__What is required__.
Without including any pictures, write out all the entries exactly.

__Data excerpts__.
- - - - - - -
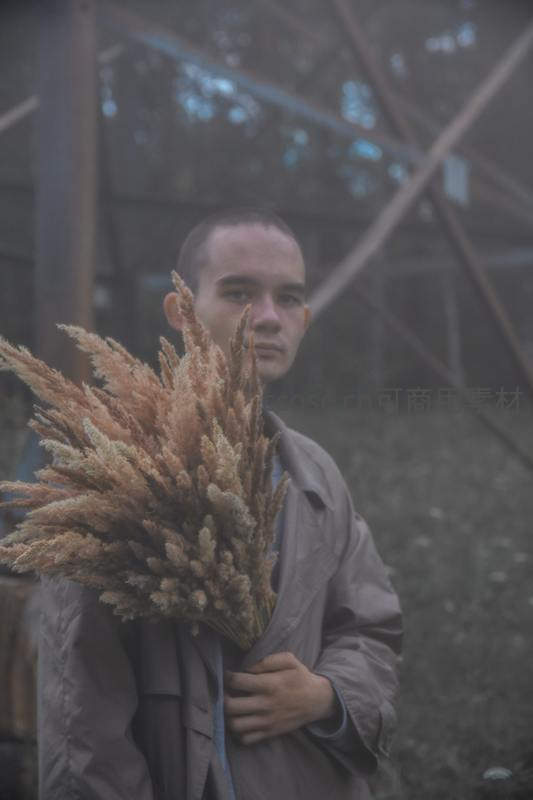 一位神情凝重的男子在薄雾笼罩的环境中,怀抱一束干枯的芦花,背景模糊的金属结构增添了一丝工业与自然交融的神秘感。
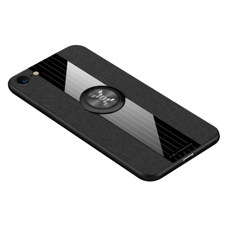 Funda Protectora TPU Xinli para iPhone 8/7 Textura Tela Costura Soporte Anillo (Negro)
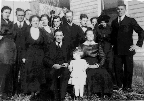 Grace & James Davis, Frank Hardin, in front of him, Emma Frances Davis Hardin, my granddad and grandmom, Nora Davis Slane and Clyde Slane, Nora died in the flu epidemic shortly afterwards, on the porch behind them is Carolyn (Carrie) Conway Davis, (still living), husband Elmer Davis, Thomas Davis, died in an accident (was electrocuted while working on electric company poles the next year in downtown Oklahoma City, Roy Bertrand Elder and wife Maude Grace Davis Elder, Ethel Davis Alexander, and husband Lloyd Alexander, an Oklahoma City fireman who died while on the way to a fire in Oklahoma City, when the truck was hit broadside by a car that failed to yield the right of way, and seated in front is Harriett Moore Davis and Marimon Davis with granddaughter, Leitha Slane, daughter of Nora Davis Slane and Clyde Slane.
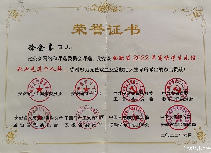 近日,由芜湖市公民献血领导小组、芜湖市卫生健康委、芜湖市红十字会联合主办,芜湖市中心血站、芜湖传媒集团承办的“芜湖市2019-2021年度无偿献血颁奖活动”圆满落下帷幕,我校喜获“芜湖市2019-2021年度无偿献血先进集体”称号,我校学生徐金喜荣获“安徽省2022年高校学生无偿献血先进个人”称号。
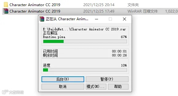 2.等待【Character Animator CC2019】压缩包解压完成。
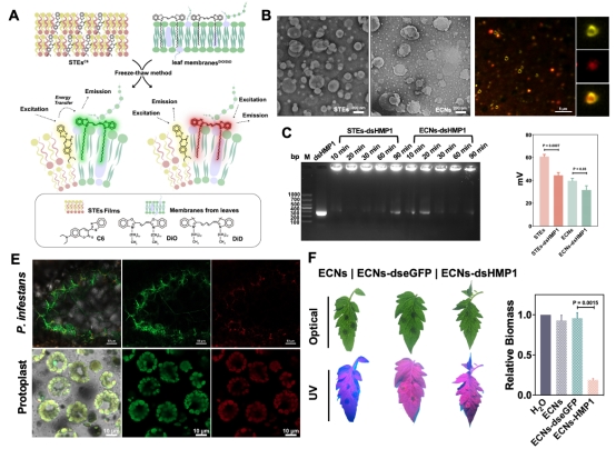 研究团队从细胞间“物流系统”——细胞外囊泡(Extracellular Vesicles,EVs)的结构和功能上获得启发,创新性地设计了一种由非磷脂阳离子脂质体(STEs)与植物叶片细胞膜提取物融合而成的新型嵌合纳米囊泡(Extracellular Vesicle Mimetic Chimeric Nanovesicles,简称 ECNs),并深入探究了其作为喷雾型RNA药物载体在作物保护方面的潜在应用价值。结果显示,ECNs巧妙整合了阳离子脂质体稳定负载dsRNA的能力与细胞膜组分高生物相容性的优点。以番茄晚疫病菌(Phytophthora infestans)为例,建立了靶向致病菌关键基因的喷雾型RNA药物体系,实现了药物的高效稳定装载与递送,并成功诱导病原菌基因沉默,实现对植物病害的有效治理。这一成果为解决SIGS策略在实际应用中的核心难题和开发新一代环境友好型RNA农药递送载体提供了新思路和新方法。
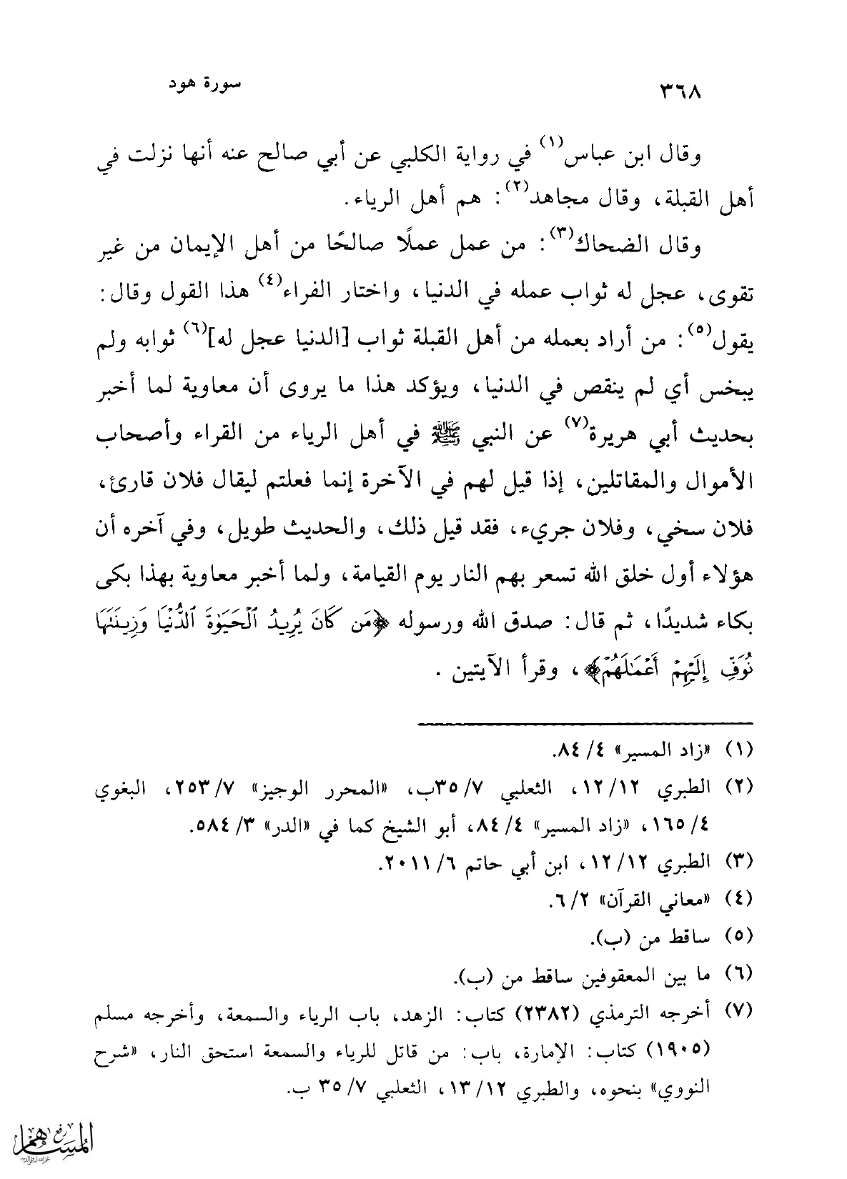 (¬7) أخرج الترمذي (2382) كتاب: الزهد، باب الرياء والسمعة، وأخرجه مسلم (1905) كتاب: الإمارة، باب: من قاتل للرياء والسمعة استحق النار، "شرح النووي" بنحوه، والطبري 12/ 13، الثعلبي 7/ 35 ب.
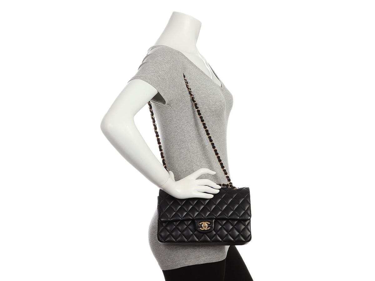 Chanel Medium/Large Black Quilted Lambskin Classic Double Flap
- - - - - - -
__Solution for this task__.
 一位神情凝重的男子在薄雾笼罩的环境中,怀抱一束干枯的芦花,背景模糊的金属结构增添了一丝工业与自然交融的神秘感。
 Funda Protectora TPU Xinli para iPhone 8/7 Textura Tela Costura Soporte Anillo (Negro)
 Grace & James Davis, Frank Hardin, in front of him, Emma Frances Davis Hardin, my granddad and grandmom, Nora Davis Slane and Clyde Slane, Nora died in the flu epidemic shortly afterwards, on the porch behind them is Carolyn (Carrie) Conway Davis, (still living), husband Elmer Davis, Thomas Davis, died in an accident (was electrocuted while working on electric company poles the next year in downtown Oklahoma City, Roy Bertrand Elder and wife Maude Grace Davis Elder, Ethel Davis Alexander, and husband Lloyd Alexander, an Oklahoma City fireman who died while on the way to a fire in Oklahoma City, when the truck was hit broadside by a car that failed to yield the right of way, and seated in front is Harriett Moore Davis and Marimon Davis with granddaughter, Leitha Slane, daughter of Nora Davis Slane and Clyde Slane.
 近日,由芜湖市公民献血领导小组、芜湖市卫生健康委、芜湖市红十字会联合主办,芜湖市中心血站、芜湖传媒集团承办的“芜湖市2019-2021年度无偿献血颁奖活动”圆满落下帷幕,我校喜获“芜湖市2019-2021年度无偿献血先进集体”称号,我校学生徐金喜荣获“安徽省2022年高校学生无偿献血先进个人”称号。
 2.等待【Character Animator CC2019】压缩包解压完成。
 研究团队从细胞间“物流系统”——细胞外囊泡(Extracellular Vesicles,EVs)的结构和功能上获得启发,创新性地设计了一种由非磷脂阳离子脂质体(STEs)与植物叶片细胞膜提取物融合而成的新型嵌合纳米囊泡(Extracellular Vesicle Mimetic Chimeric Nanovesicles,简称 ECNs),并深入探究了其作为喷雾型RNA药物载体在作物保护方面的潜在应用价值。结果显示,ECNs巧妙整合了阳离子脂质体稳定负载dsRNA的能力与细胞膜组分高生物相容性的优点。以番茄晚疫病菌(Phytophthora infestans)为例,建立了靶向致病菌关键基因的喷雾型RNA药物体系,实现了药物的高效稳定装载与递送,并成功诱导病原菌基因沉默,实现对植物病害的有效治理。这一成果为解决SIGS策略在实际应用中的核心难题和开发新一代环境友好型RNA农药递送载体提供了新思路和新方法。
 (¬7) أخرج الترمذي (2382) كتاب: الزهد، باب الرياء والسمعة، وأخرجه مسلم (1905) كتاب: الإمارة، باب: من قاتل للرياء والسمعة استحق النار، "شرح النووي" بنحوه، والطبري 12/ 13، الثعلبي 7/ 35 ب.
 Chanel Medium/Large Black Quilted Lambskin Classic Double Flap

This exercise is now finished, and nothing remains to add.